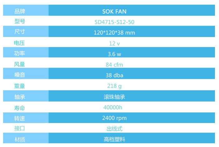 SD4715-S12-50 12V 0.3A 12cm 2線散熱風扇
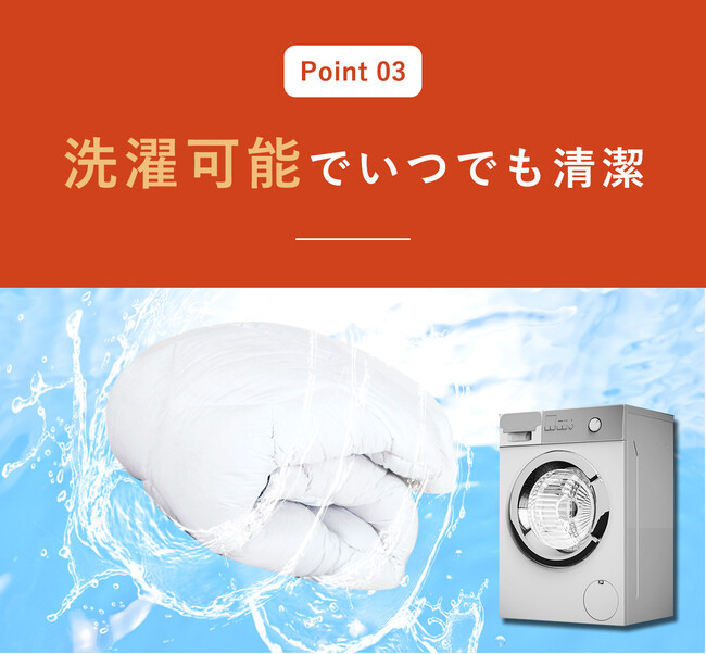 洗濯可能なので1年中清潔!耐久性もあり、5回洗濯しても綿がへたらず型崩れもありません。
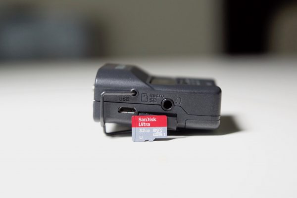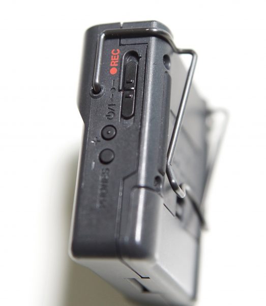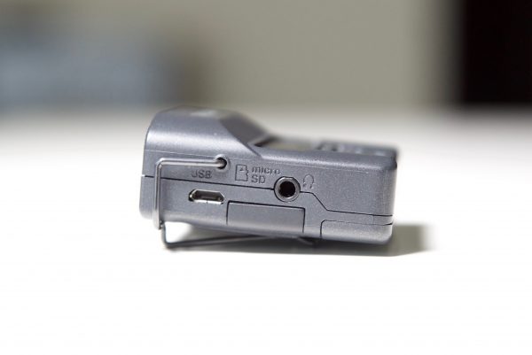 A single recording switch uses a sliding mechanism which has been designed to prevent the unit from accidentally turning off or having the recording stop. There is also a hold function that prevents recording from being stopped by accidental contact with a button. I do wish that Tascam would have made some sort of smartphone app for making changes, monitoring and controlling the DR-10CS. That way you could check it from time to time to see that everything is working correctly. It would also make it a lot easier to stop/start recordings, as when it’s mounted on a belt the record switch is hard to get to.
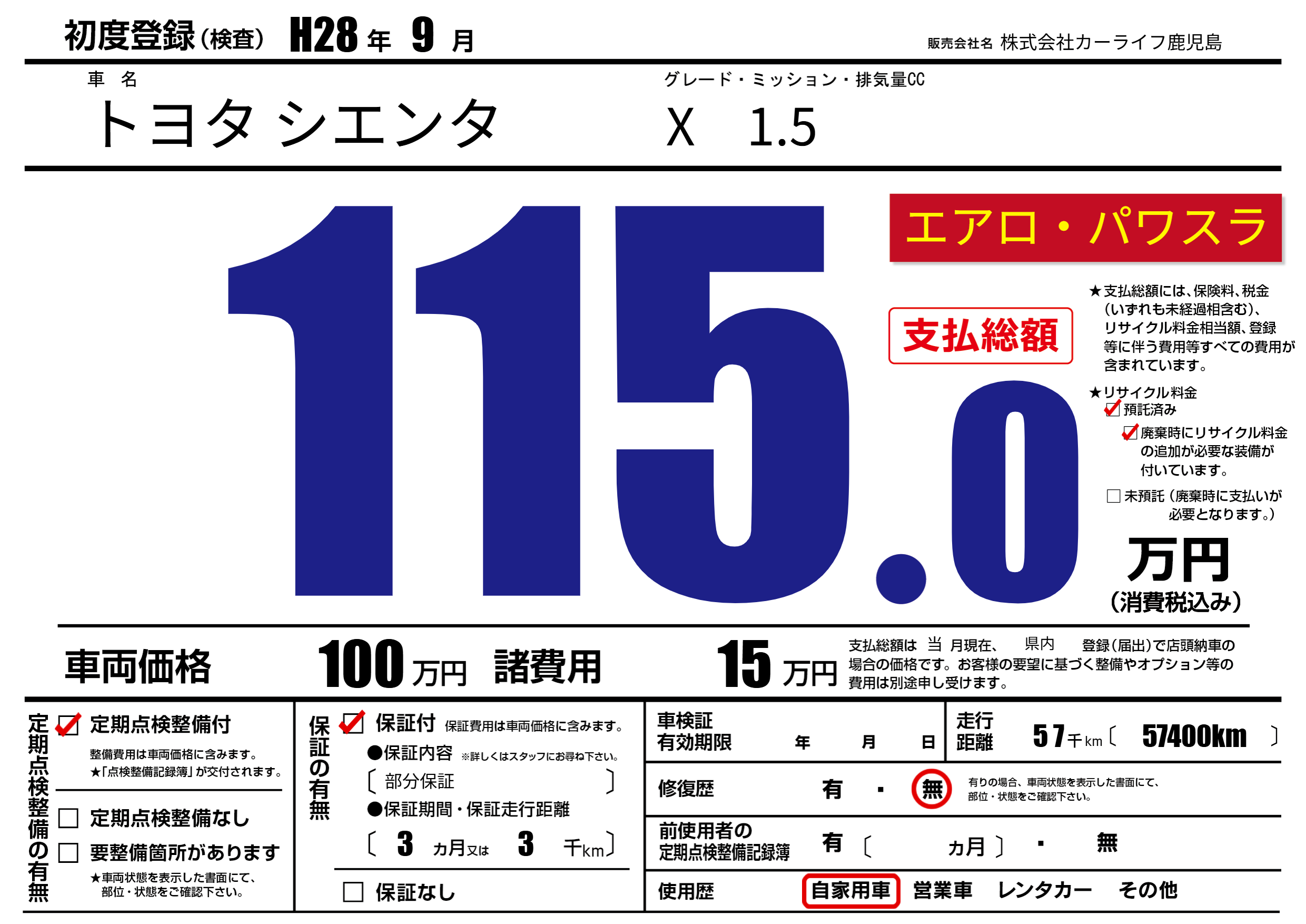 | 車名 | トヨタ シエンタ | グレード ミッション 排気量 |
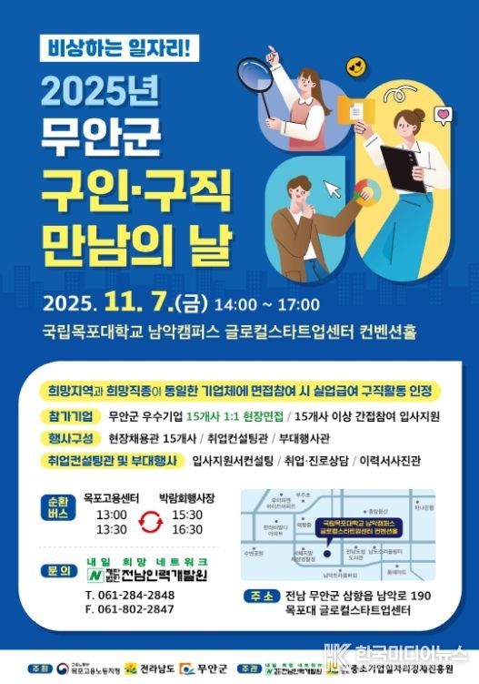 [ 한국미디어뉴스 이종철 기자 ] 전남 무안군은 오는 11월 7일 목포대학교 남악캠퍼스 글로컬스타트업센터 컨벤션홀에서 개최하는 『2025년 무안군 구인·구직 만남의 날』행사에 참여할 기업을 모집한다.
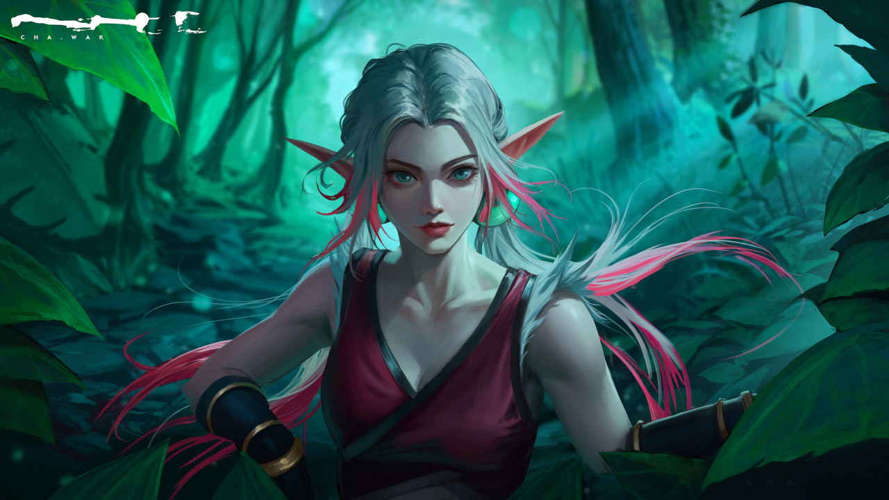 女人、幻想、女孩、长发、精灵、恰恰、数码艺术、插图、幻想艺术、兽耳、森林、自然、植物、叶子、树木、双色头发、树叶
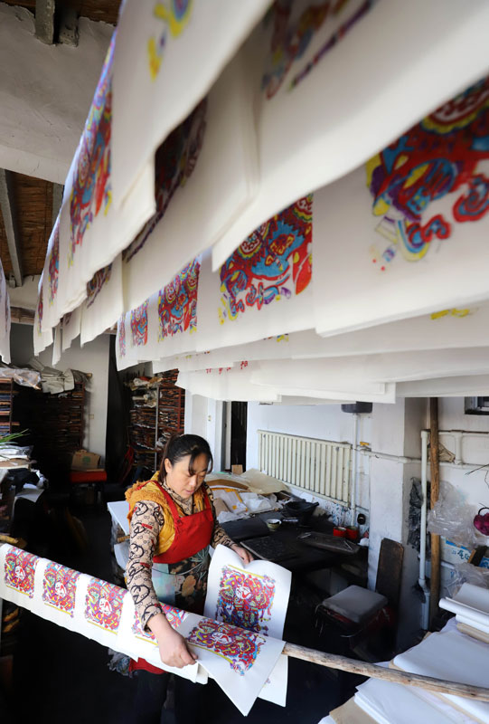 Con l’avvicinarsi del nuovo anno, gli artisti del villaggio di Yangjiabu nel distretto di Hanting della città di Weifang, nello Shandong, si affrettano a incidere su legno quadri a tema Capodanno per il mercato festivo.
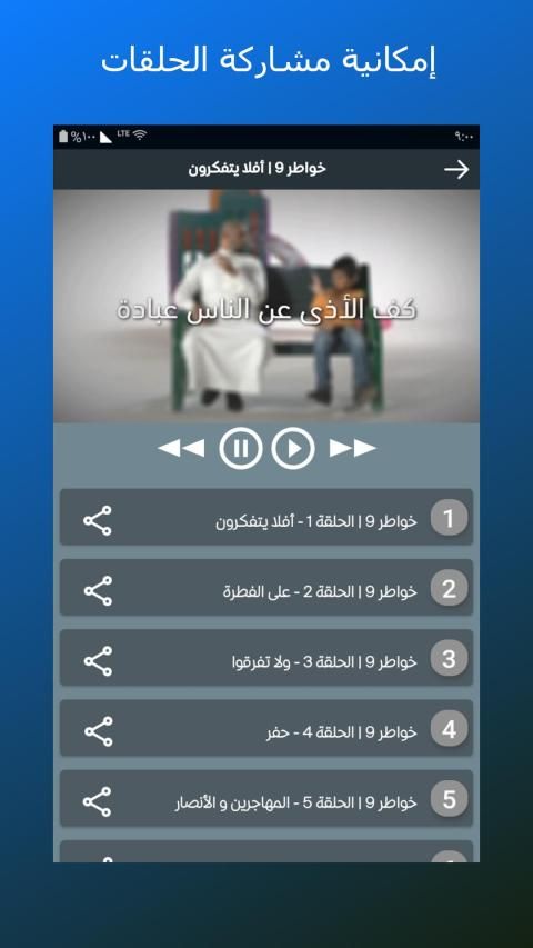 2- امكانية مشاركة الحلقات عبر مختلف وسائل التواصل الإجتماعي.
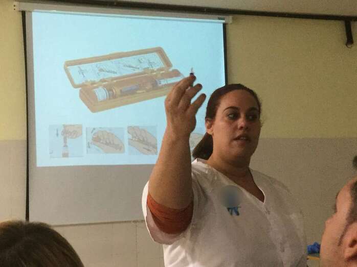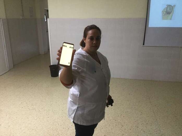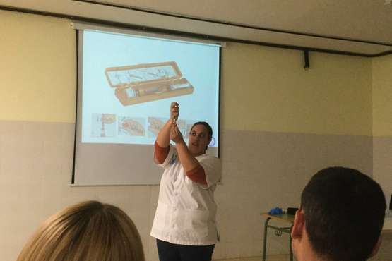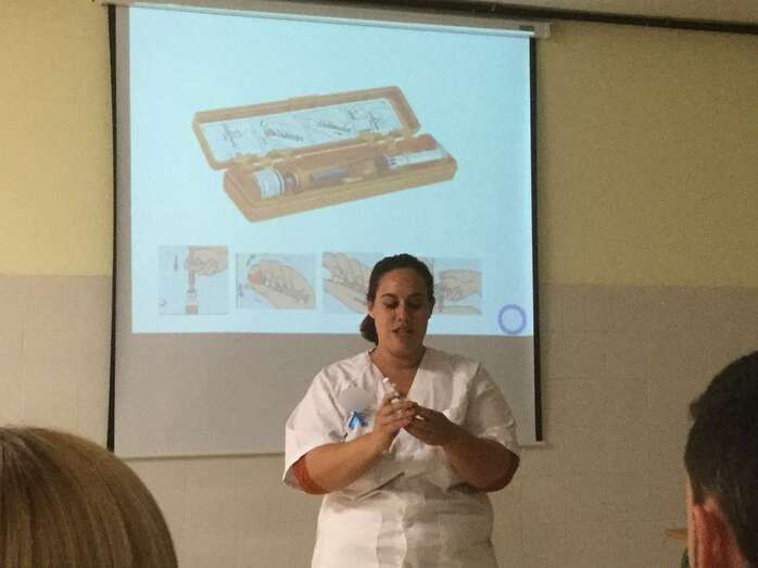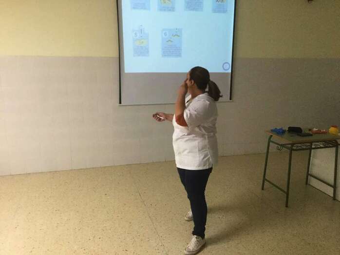 Cristina Blanco, auxiliar de enfermería del instituto y Carolina Marrero profesora del departamento de Música, fueron las personas encargadas de instruir y concienciar a los docentes.
——————————
Could you repeat every record exactly as written, with the pictures left out?

# Output
 SD4715-S12-50 12V 0.3A 12cm 2線散熱風扇
 洗濯可能なので1年中清潔!耐久性もあり、5回洗濯しても綿がへたらず型崩れもありません。
 A single recording switch uses a sliding mechanism which has been designed to prevent the unit from accidentally turning off or having the recording stop. There is also a hold function that prevents recording from being stopped by accidental contact with a button. I do wish that Tascam would have made some sort of smartphone app for making changes, monitoring and controlling the DR-10CS. That way you could check it from time to time to see that everything is working correctly. It would also make it a lot easier to stop/start recordings, as when it’s mounted on a belt the record switch is hard to get to.
 | 車名 | トヨタ シエンタ | グレード ミッション 排気量 |
 [ 한국미디어뉴스 이종철 기자 ] 전남 무안군은 오는 11월 7일 목포대학교 남악캠퍼스 글로컬스타트업센터 컨벤션홀에서 개최하는 『2025년 무안군 구인·구직 만남의 날』행사에 참여할 기업을 모집한다.
 女人、幻想、女孩、长发、精灵、恰恰、数码艺术、插图、幻想艺术、兽耳、森林、自然、植物、叶子、树木、双色头发、树叶
 Con l’avvicinarsi del nuovo anno, gli artisti del villaggio di Yangjiabu nel distretto di Hanting della città di Weifang, nello Shandong, si affrettano a incidere su legno quadri a tema Capodanno per il mercato festivo.
 2- امكانية مشاركة الحلقات عبر مختلف وسائل التواصل الإجتماعي.
 Cristina Blanco, auxiliar de enfermería del instituto y Carolina Marrero profesora del departamento de Música, fueron las personas encargadas de instruir y concienciar a los docentes.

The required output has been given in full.